SOURCE MATERIAL =
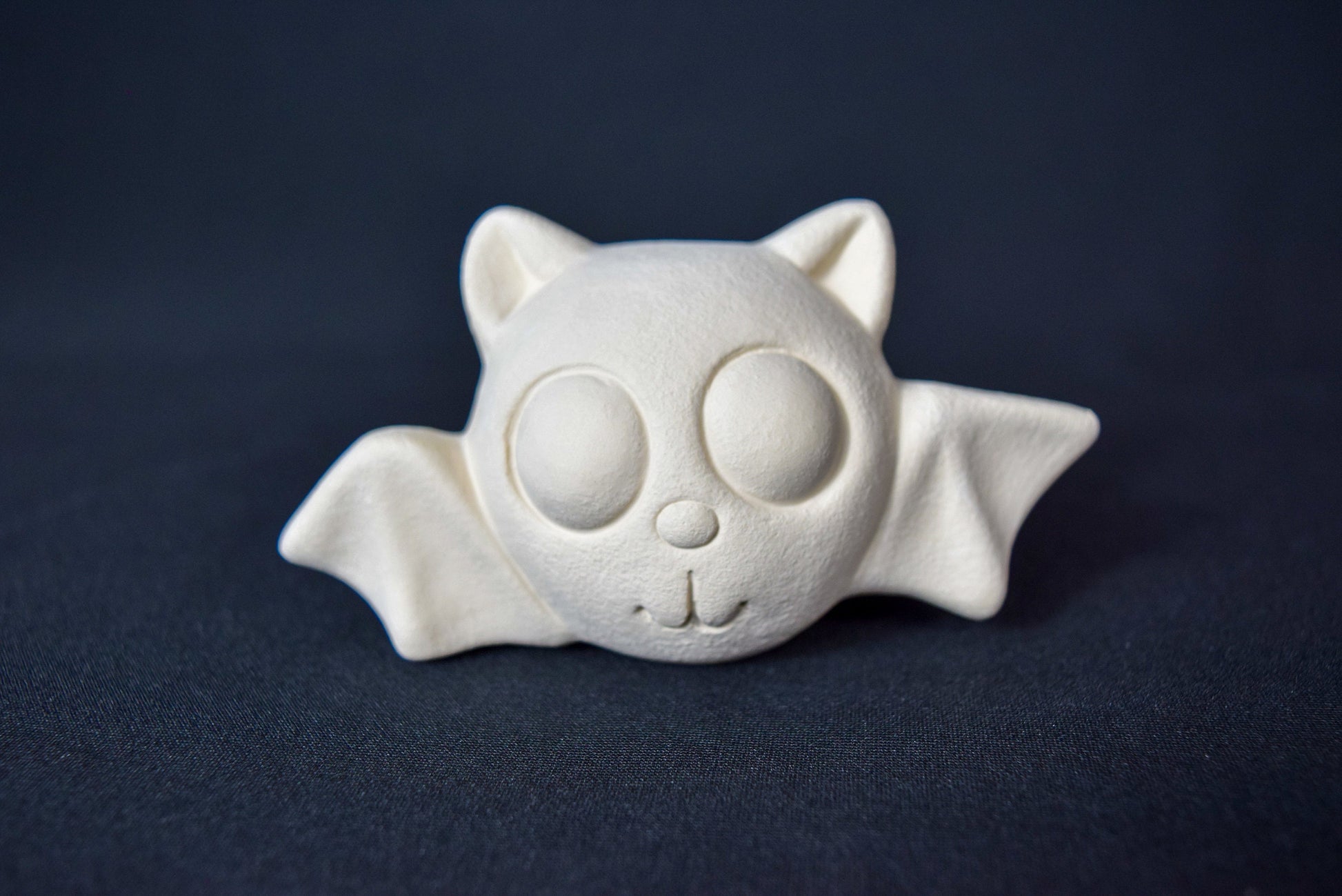 This cute little Halloween darling is ready for you to put your artistic touch on it! This is the samller version of our other bisque bat now available to you in our finished ceramic bisque for your next paint party, project for the kids, or just a fun thing to do to pass the time! These are the newest Halloween bats from the wonderful people at Clay Magic. He's got some wonderful detail and texture to him and he is super fun to paint, trust me!
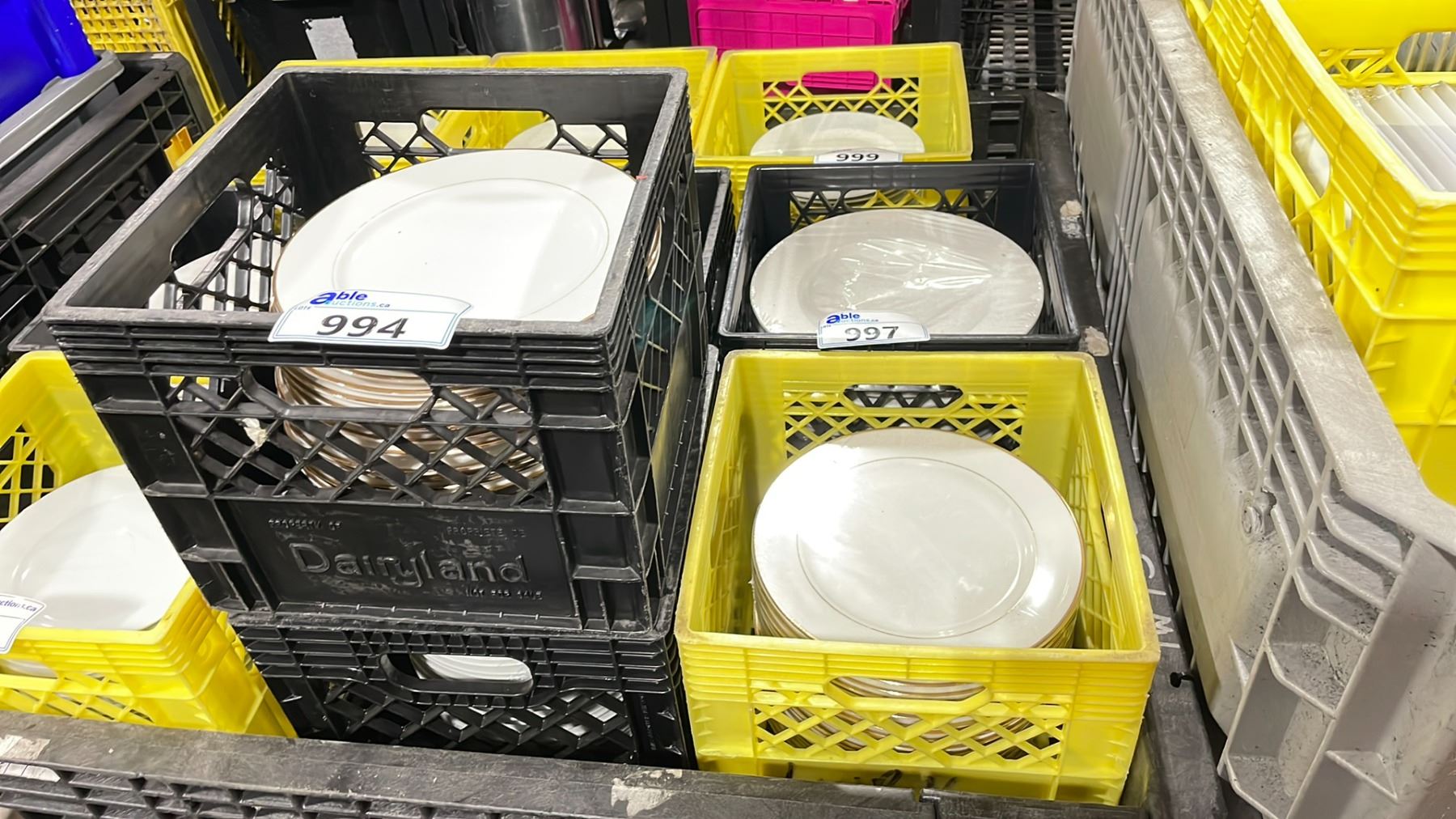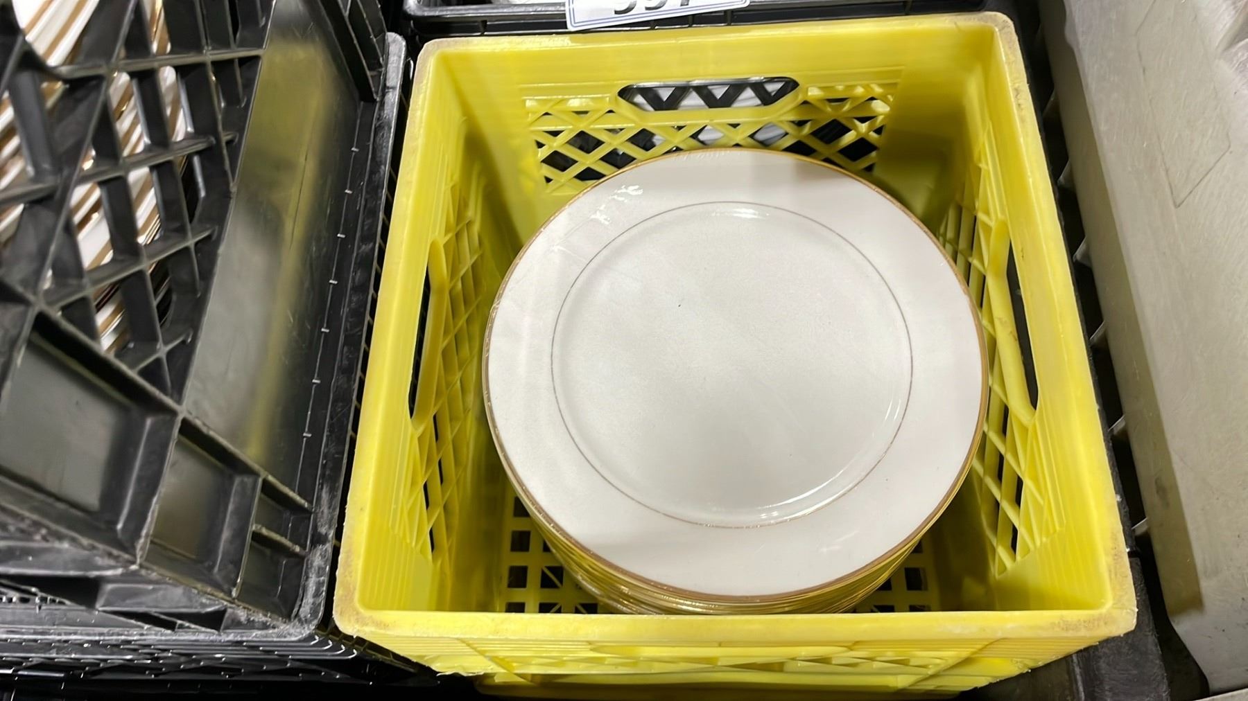 7 PLASTIC CRATES OF 10 1/2" WHITE GOLD RIMMED COMMERCIAL RESTAURANT DINNER PLATES *PLASTIC CRATES INCLUDED* ( APPROX. 20 PLATES PER CRATE )
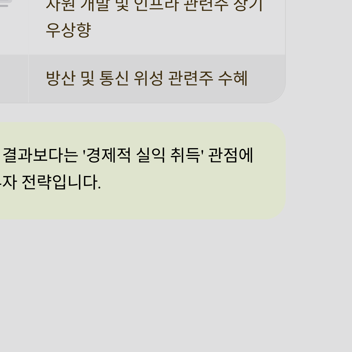 | 방위 산업 | 북극권 긴장 고조 수혜 | 낮음 (이슈 휘발성 강함) | 단기 모멘텀 플레이 권장 |
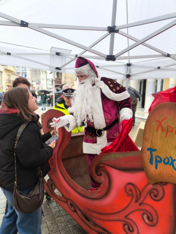 Στη δράση συμμετείχε και ο Άγιος Βασίλης του Τμήματος Τροχαίας Κοζάνης, ο οποίος μοίραζε γλυκίσματα, κεράσματα και ευχές  σε διερχόμενους πολίτες
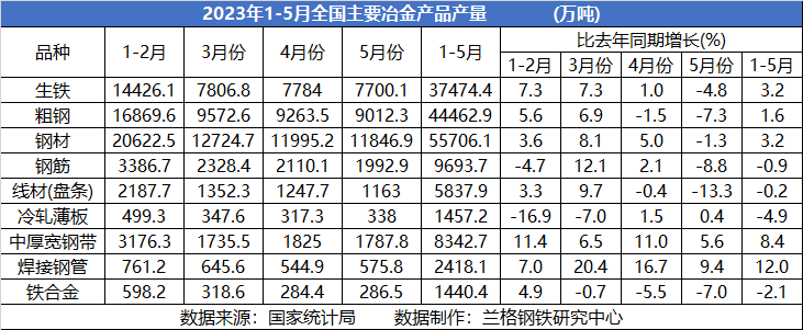 表1 2023年全国主要冶金产品产量
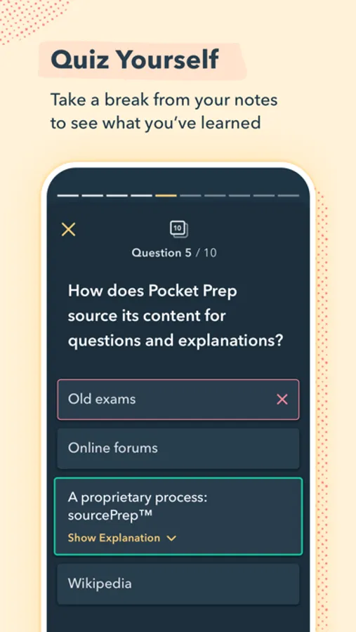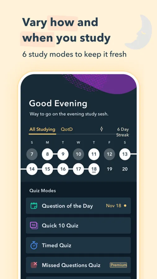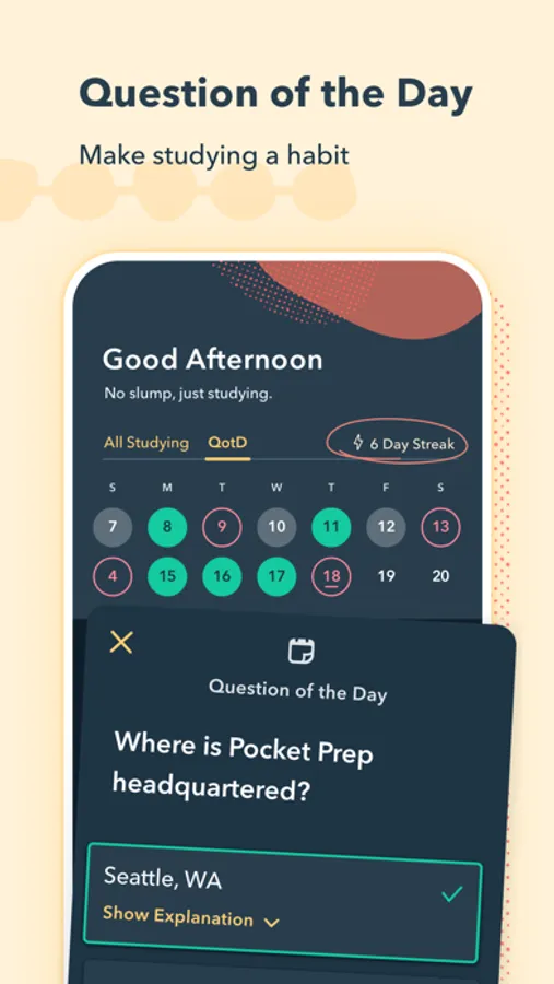 Scientific research shows that studying in short bursts over time is more effective than a handful of long study sessions. Our app is built with this in mind, giving you the power to study from your phone whenever and wherever it's convenient for you. Easily access practice questions while waiting in line, on public transit, on meal breaks, and more!
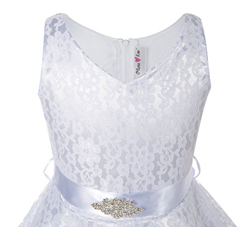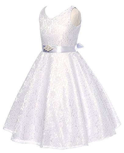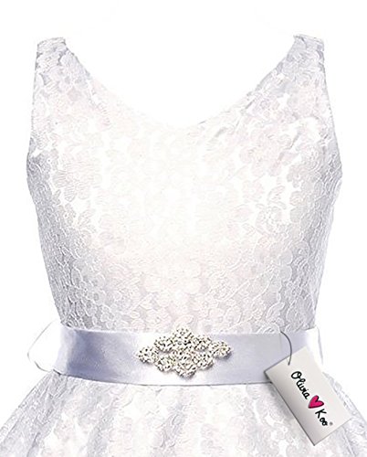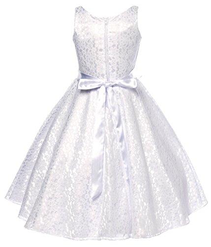 Very elegant dress with beautiful white lace overlayed bodice and double layered tulle skirt. Lovely charmeuse bow sash (attached) over the waistline adds finishing touch.
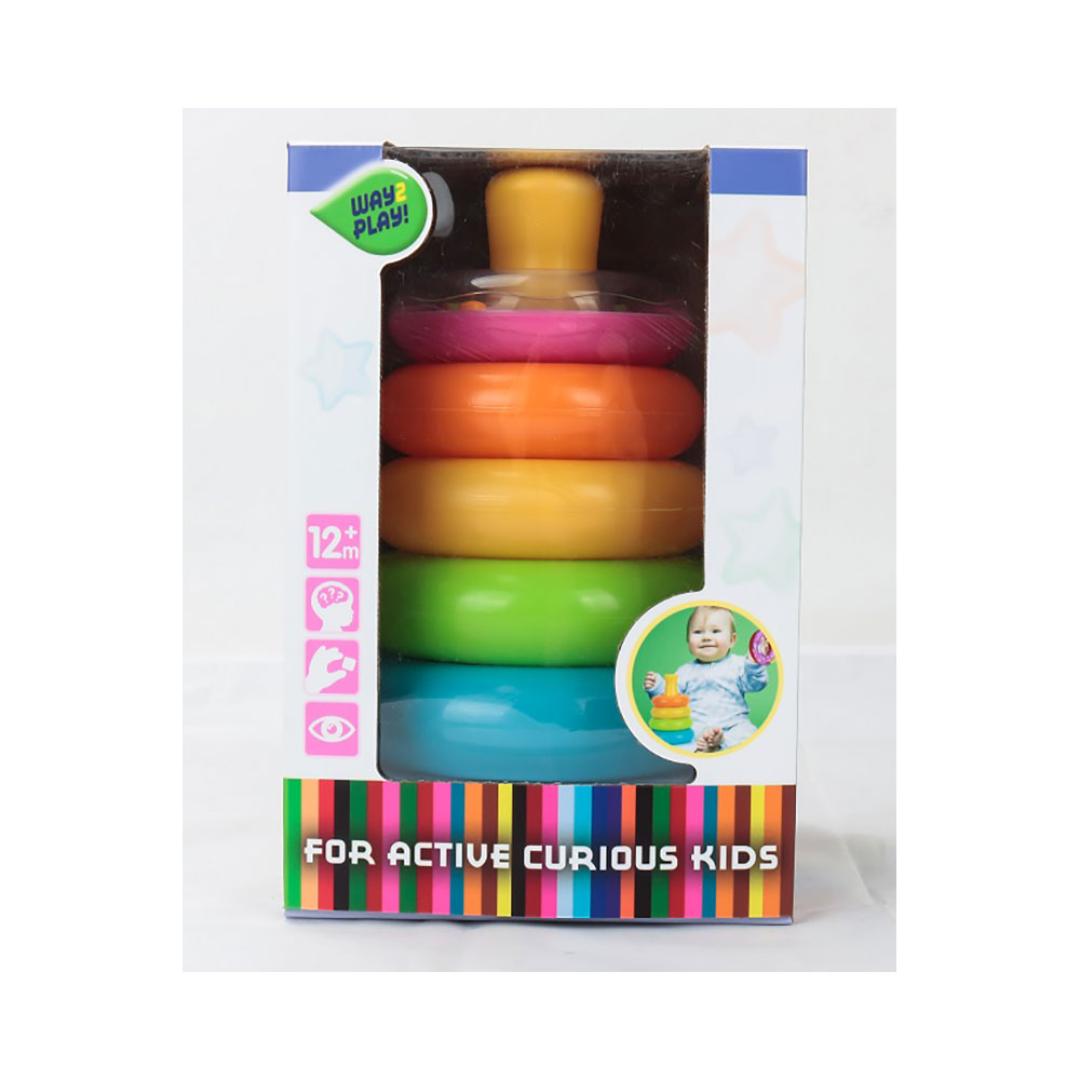 Fargerikt stabletårn fra Way2Play som stimulerer barnets koordinasjon og byggeglede. De stabile ringene er enkle å gripe for små hender og kan stables i høyden for lek og læring.
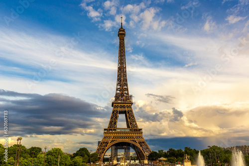 Fototapeta premium Eiffel Tower in Paris during beautiful sunset, France
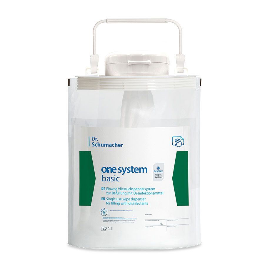 ONE SYSTEM BASIC ist ein innovatives Einweg-Vliestuchspendersystem (Tuchgrösse: 17,5 x 36 cm) zur Durchführung von Hygienemaßnahmen. In Kombination mit geeigneten Desinfektionsmitteln können medizinisches Inventar sowie Flächen aller Art hygienisch sicher aufbereitet werden. ONE SYSTEM BASIC ermöglicht eine praxisnahe und zeitsparende Anwendung. Das System ist bereits mit einer DESOTEX Vliestuchrolle ausgestattet, sodass der Anwender direkt nach Befüllen mit dem Desinfektionsmittel und einer 15-minütigen Vortränkzeit die gewünschte Desinfektionsmaßnahme durchführen kann. Im Einsatz von OPTISAL® PLUS, BIGUANID FLÄCHE NR, OPTISAL N, CLEANISEPT®, DESCOSEPT SENSITIVE kann ONE SYSTEM BASIC anstatt der marktüblichen 28 Tage über einen Zeitraum von 42 Tagen verwendet werden. Ist die Vliestuchrolle aufgebraucht, wird das System nicht aufbereitet, sondern kann restentleert, direkt entsorgt werden.
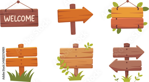 Wooden sign illustrations with various designs, arrows, welcome message, nature-inspired, rustic, directional signs, perfect for outdoor décor
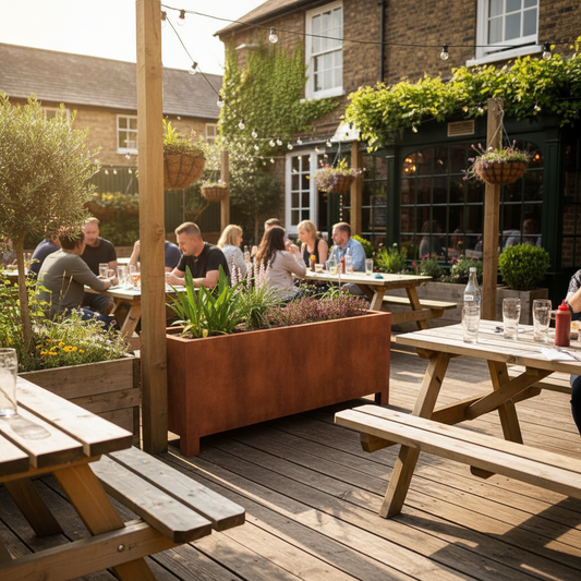 Corten Steel & Timber Bench Planter for Home & Commercial Spaces

EXERCISE DIRECTIONS = Exclude all pictures and reproduce verbatim the lines running from the line that contains "Fototapeta premium Eiffel" to the end of the data above, both ends included.

ANSWER FOR THE TASK =
 Fototapeta premium Eiffel Tower in Paris during beautiful sunset, France
 ONE SYSTEM BASIC ist ein innovatives Einweg-Vliestuchspendersystem (Tuchgrösse: 17,5 x 36 cm) zur Durchführung von Hygienemaßnahmen. In Kombination mit geeigneten Desinfektionsmitteln können medizinisches Inventar sowie Flächen aller Art hygienisch sicher aufbereitet werden. ONE SYSTEM BASIC ermöglicht eine praxisnahe und zeitsparende Anwendung. Das System ist bereits mit einer DESOTEX Vliestuchrolle ausgestattet, sodass der Anwender direkt nach Befüllen mit dem Desinfektionsmittel und einer 15-minütigen Vortränkzeit die gewünschte Desinfektionsmaßnahme durchführen kann. Im Einsatz von OPTISAL® PLUS, BIGUANID FLÄCHE NR, OPTISAL N, CLEANISEPT®, DESCOSEPT SENSITIVE kann ONE SYSTEM BASIC anstatt der marktüblichen 28 Tage über einen Zeitraum von 42 Tagen verwendet werden. Ist die Vliestuchrolle aufgebraucht, wird das System nicht aufbereitet, sondern kann restentleert, direkt entsorgt werden.
 Wooden sign illustrations with various designs, arrows, welcome message, nature-inspired, rustic, directional signs, perfect for outdoor décor
 Corten Steel & Timber Bench Planter for Home & Commercial Spaces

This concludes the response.